While checking out
Vol. 2 of the excellent Elvis Mitchell/Timothy Greenfield-Sanders documentary series
The Black List, which premiered on HBO last night, I really dug the wall-to-wall yet laid-back and pitch-perfect score by Soulive keyboardist and first-time scorer Neal Evans. The series' cool main/end title theme can be streamed on Evans' MySpace. (There was a lot of terrific original scoring on the tube last night. Besides Evans'
Black List score--which is as multifaceted as the range of different black experiences that are captured in the doc--I also enjoyed Jeff Richmond's tinkly "hunting for Liz's boobies picture" theme for piano and flute during
the latest 30 Rock.)

Former UC Santa Cruz students like myself will get a kick out of
The Black List: Vol. 2 because two of the interviewees are from UCSC's past (Angela Davis was a longtime History of Consciousness professor there, and ex-
SNLer Maya Rudolph graduated from the Porter part of campus and majored in photography). Also, there are a couple of film music-related bits in
Vol. 2 that are noteworthy (no pun intended).
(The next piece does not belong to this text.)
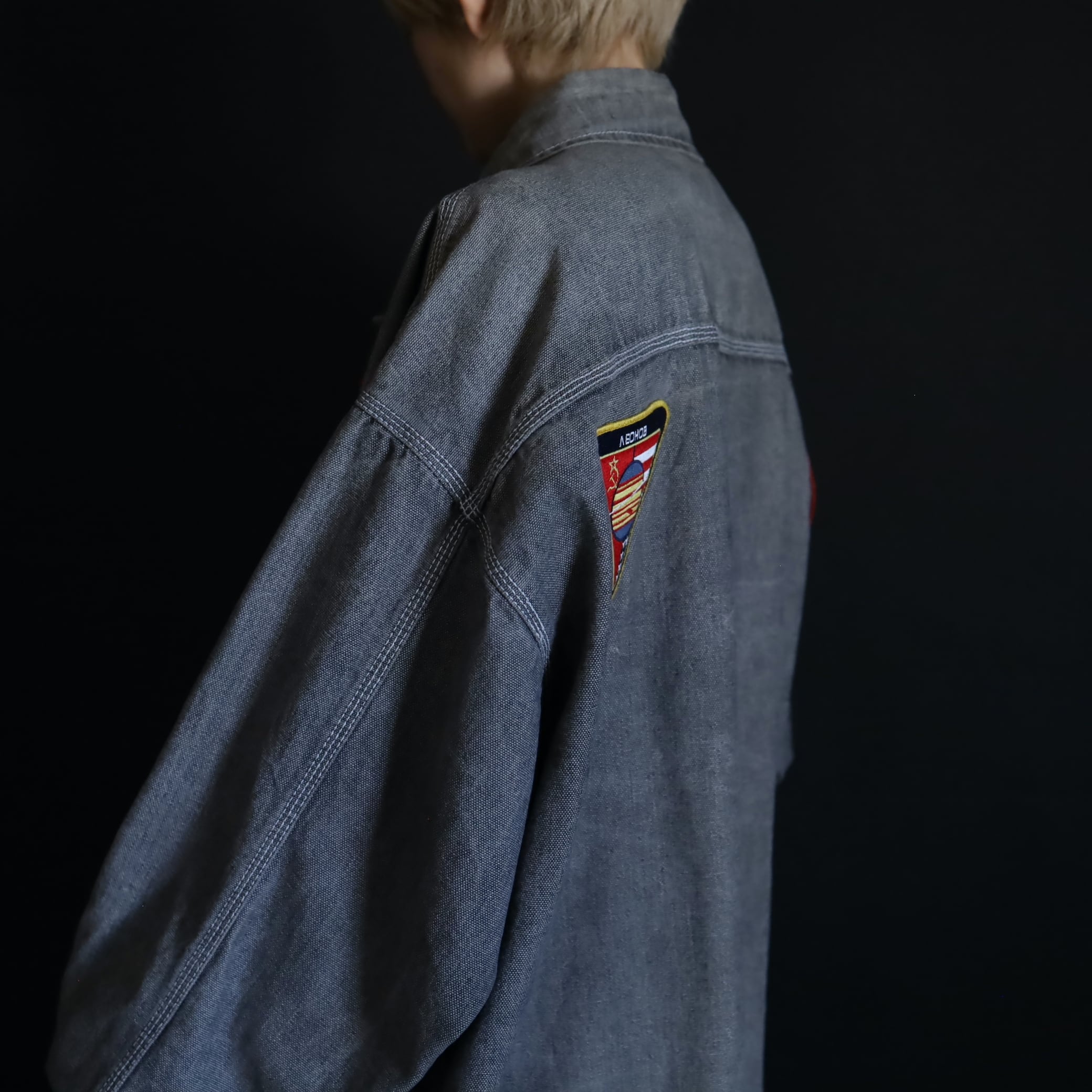 ワッペンがある分差し色も効いており,コーデの主役としても存在感抜群.

Melvin Van Peebles briefly recalls working on the
Sweet Sweetback's Baadasssss Song soundtrack with a then-unknown-and-starving band--Earth, Wind & Fire--and in my favorite
Vol. 2 segment,
Ghost Dog and
Afro Samurai composer RZA discusses how he found empowerment through chess tournaments, martial arts flicks like
The 36th Chamber of Shaolin ("The Asian history was remarkable and special... That brotherhood right there helped me spawn the brotherhood of the Wu-Tang Clan") and
Silver Surfer comics.
Rizz's admiration of Norrin Radd is similar to how many of us Asian American writers and artists have felt empowered through the comics medium, whether it's reading comics about heroes with AA-like experiences and identifying with those characters--even though they're of a different color--or creating comics with actual AA characters like the tales in the
Secret Identities anthology (see how I tied it back to
Secret Identities? April 14 in stores everywhere). His story about Wu-Tang fans who have asked him during his college lectures why he's not keeping it real and why he's trying to ditch the hood is heartbreaking. Who'd have thought RZA's segment would be the most introspective and moving part of the doc?